My objective for this website is to bridge the cognitive distance between the interested non-scientist and the work done by the scientists studying these systems.

My inspiration for the content of this website derives from the experience I had at the 2012 Santa Fe Science Writers Workshop under the mentoring of accomplished science journalists: David Dobbs, George Johnson, Susan Blakeslee, Maryn McKenna, Michelle Nijhuis, et al.

Otherwise, I enjoy reading and learning about science and want to communicate that enjoyment to others in a way that promotes science as the foundational structure of humanism—an emerging and promising new ethos for the planet—and ultimately increases the per capita happiness on this planet through an understanding of the epistemology of what we know and how we know it.

Humanism, which focuses on human values and concerns and espouses reason, ethics, and justice, is a positive philosophical attitude or worldview based on a reliance on scientifically acquired evidence. Consequently, the growth of humanism is dependent upon the growth of public recognition, understanding, and acceptance of scientific knowledge.
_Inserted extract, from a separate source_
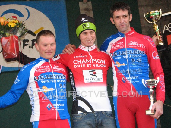 Le podium élite : Damien Chatelais (2e), Miguel Fillaut (1er) et Mickaël Guillard (3e).

The title of this website has been inspired by a favorite radio tune I listened to as a preadolescent kid back in the late 1950s—Green Door, by Jim Lowe [1956].

What’s behind that green door?  To get in, tell ’em “Joe sent me” …   😎


The Website

Among the seven categories—Science, Universe, Earth, Ecology, Life, Mind, and Logos—for filter-searching posts is the category logos, an important term in western philosophy, psychology, rhetoric, and religion. Perhaps this term needs a bit of explanation to be sure interested visitors understand the intent.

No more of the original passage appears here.